Généthon, the not-for-profit biotherapy laboratory funded by the French Muscular Dystrophy Association (AFM) thanks to the donations collected during the French Telethon, and Children's Hospital Boston announce that they have initiated a partnership to conduct a gene therapy clinical trial for Wiskott-Aldrich Syndrome (WAS). This rare genetic condition is a life-threatening immunodeficiency disease.
Genethon is sponsoring parallel trials at Great Ormond Street Hospital in London and Hopital Necker-Enfants Malades in Paris and will be supplying the vector for the trial at the US site. The vector is a latest-generation lentiviral vector that incorporates several safety features designed to avoid the complications caused by early-generation vectors. The vector is manufactured by Genethon in Evry. Altogether, the WAS gene therapy trials in London, Paris and Boston will constitute a unique multicentre collaboration to accelerate the testing of new advanced therapies for rare conditions.
The Wiskott Aldrich Syndrome (WAS) is a rare primary immune deficiency disease causing significant bleeding due to low platelets and increased numbers of serious infections. Most patients have mild to severe eczema and are also at a higher risk of developing autoimmune disorders and malignancies such as lymphoma.
The forthcoming clinical trial results from a research program initiated in 2002 by the group of Anne Galy at Genethon (Inserm UMR951/Généthon, Université d'Evry Val d'Essonne, EPHE), which has developed an ex vivo approach that uses an HIV-derived lentiviral vector to transfer genes into autologous CD34+ hematopoietic stem cells from WAS patients.

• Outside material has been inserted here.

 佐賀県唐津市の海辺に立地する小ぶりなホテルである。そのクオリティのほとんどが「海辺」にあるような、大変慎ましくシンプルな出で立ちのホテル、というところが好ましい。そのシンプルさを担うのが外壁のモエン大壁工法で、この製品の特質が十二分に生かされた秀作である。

The Boston trial will be funded by the National Heart, Lung and Blood Institute (NHLBI) through its Gene Therapy Resource Program (GTRP). Principal investigators at Children’s are Sung-Yun Pai, MD, Division of Hematology/Oncology, and Luigi Notarangelo, MD, director, Research and Molecular Diagnosis Program on Primary Immunodeficiencies, Division of Immunology. David A. Williams, MD, chief of the Division of Hematology/Oncology and director of Translational Research for Children’s Hospital Boston, will serve as sponsorinvestigator.

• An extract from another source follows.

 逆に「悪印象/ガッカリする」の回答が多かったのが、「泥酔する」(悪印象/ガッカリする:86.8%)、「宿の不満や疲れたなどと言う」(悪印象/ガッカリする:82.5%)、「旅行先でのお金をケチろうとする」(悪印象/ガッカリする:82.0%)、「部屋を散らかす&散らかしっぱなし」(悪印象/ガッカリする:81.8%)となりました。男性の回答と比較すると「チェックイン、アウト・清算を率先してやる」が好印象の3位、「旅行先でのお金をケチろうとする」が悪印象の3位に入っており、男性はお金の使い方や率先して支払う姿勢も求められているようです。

The London WAS trial ongoing at Great Ormond Street Hospital/University College of London Institute of Child Health is conducted by Adrian J Thrasher MD, Professor of Paediatric Immunology and H Bobby Gaspar MD Professor of Paediatrics and Immunology.
The trial ongoing at Necker-Enfants Malades in Paris is conducted by Marina Cavazzana-Calvo MD, Head of Clinical Investigation Center Biotherapy, Necker, Alain Fischer MD, Professor of Pediatric Immunology, Scientific Director of the Imagine Foundation and Salima Hacein-Bey Abina PhD, Professor of Immunology and Head of the Gene Therapy Laboratory.
“This gene therapy trial (being run simultaneously in London, Paris and Boston) wouldn’t have been possible without the Telethon. The AFM is taking on a huge challenge – biotherapeutics. This means new hope for millions of patients and new medical tools for the good of all,” comments Laurence Tiennot-Herment, Chairperson, AFM and Généthon.
"We are delighted with this new collaboration with the group headed by Prof. Williams. It demonstrates again the ability of Genethon to bring its research projects to the clinic in collaboration with the best clinical teams worldwide, for the benefit of patients. It reflects our cutting edge expertise in the field of translational research, bioproduction and preparation and implementation of clinical trials” emphasizes Frederic Revah, CEO Genethon.
“At Children’s Hospital Boston, we are committed to utilizing state-of-the-art cell and molecular therapies to treat devastating pediatric diseases. The trial in WAS is particularly noteworthy as it represents a continuing transatlantic scientific and clinical research collaborative effort in gene therapy and huge multi-disciplinary team effort at Children’s,” comments Dr David A Williams, Sponsor-Investigator of study.